Court Issues Order on DHS Rule Extending STEM OPT Period
The District Court for the District of Columbia held that a 2008 DHS interim final rule extending the period of post-graduation optional practical training (OPT) by 17 months for eligible STEM students on F-1 visas was invalid, because DHS promulgated the rule without notice and public comment. The court found, however, that vacating the rule immediately would cause substantial hardship for F-1 STEM students, and would create a major labor disruption for the technology sector. As such, the court ordered that the 2008 rule and its subsequent amendments be vacated, but that the vacatur be stayed until February 12, 2016, during which time DHS may submit the rule for proper notice and comment.

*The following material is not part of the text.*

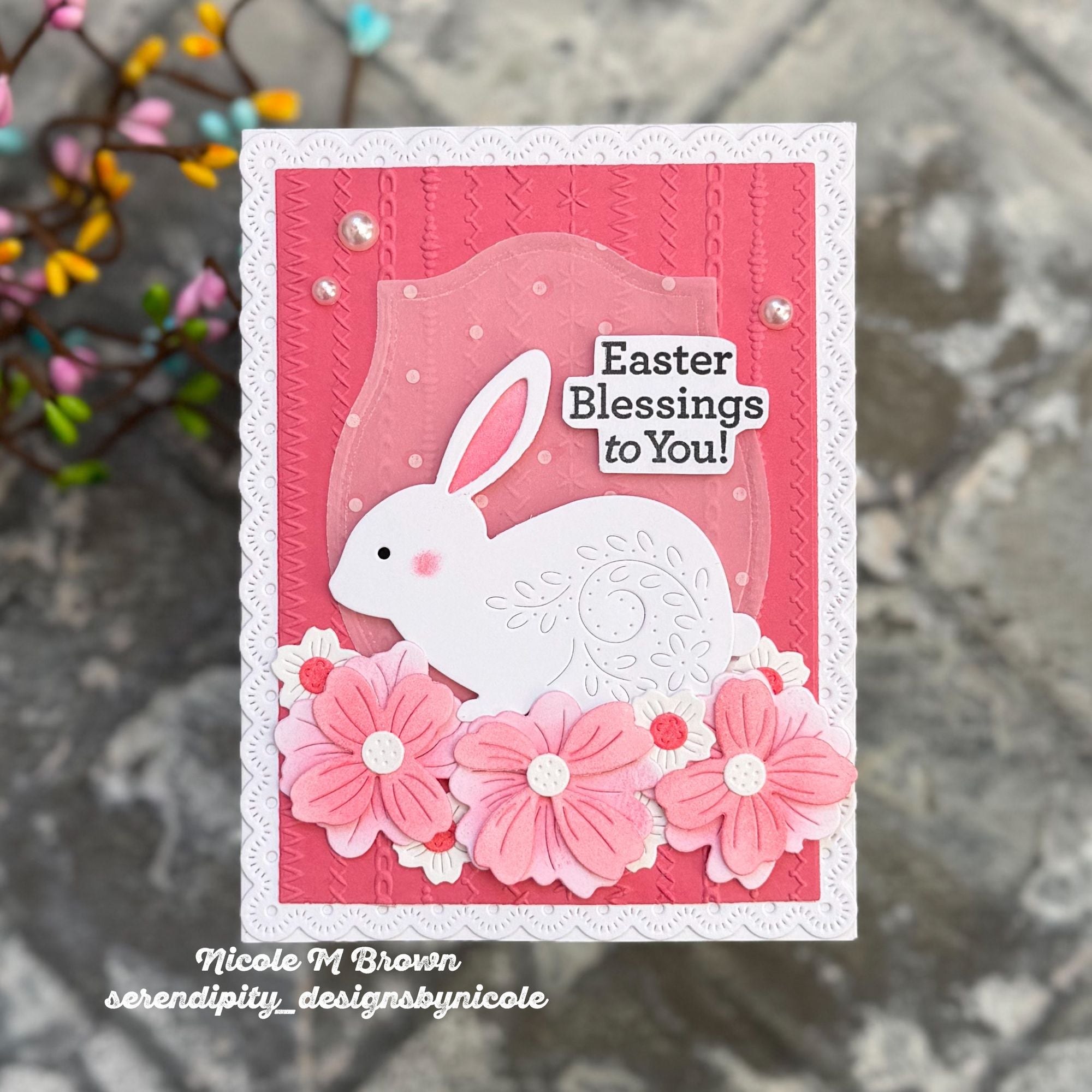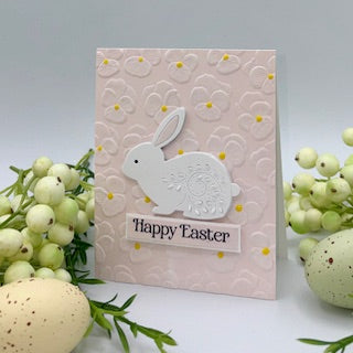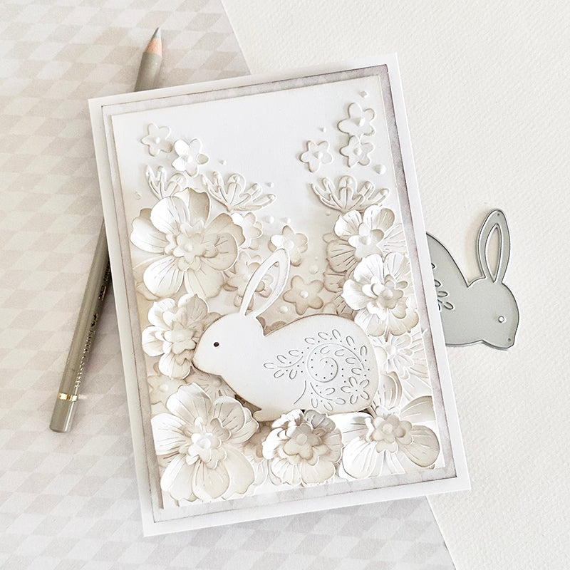 Perfect for spring and Easter cards, tags, and scrapbook pages, this die set creates a beautiful focal element with a graceful, handcrafted feel. Use a mix of cardstock colors and finishes to highlight the etched details and bring your bunny to life.

Green Cards Without a Signature Are Acceptable Documents
Permanent Resident Cards that say “signature waived” are acceptable documents for Form I-9, Employment Eligibility Verification, as long as they are unexpired and reasonably appear to be genuine and to relate to the person presenting them.
Since February 2015, USCIS has been waiving the signature requirement for people entering the United States for the first time as lawful permanent residents after obtaining an immigrant visa abroad.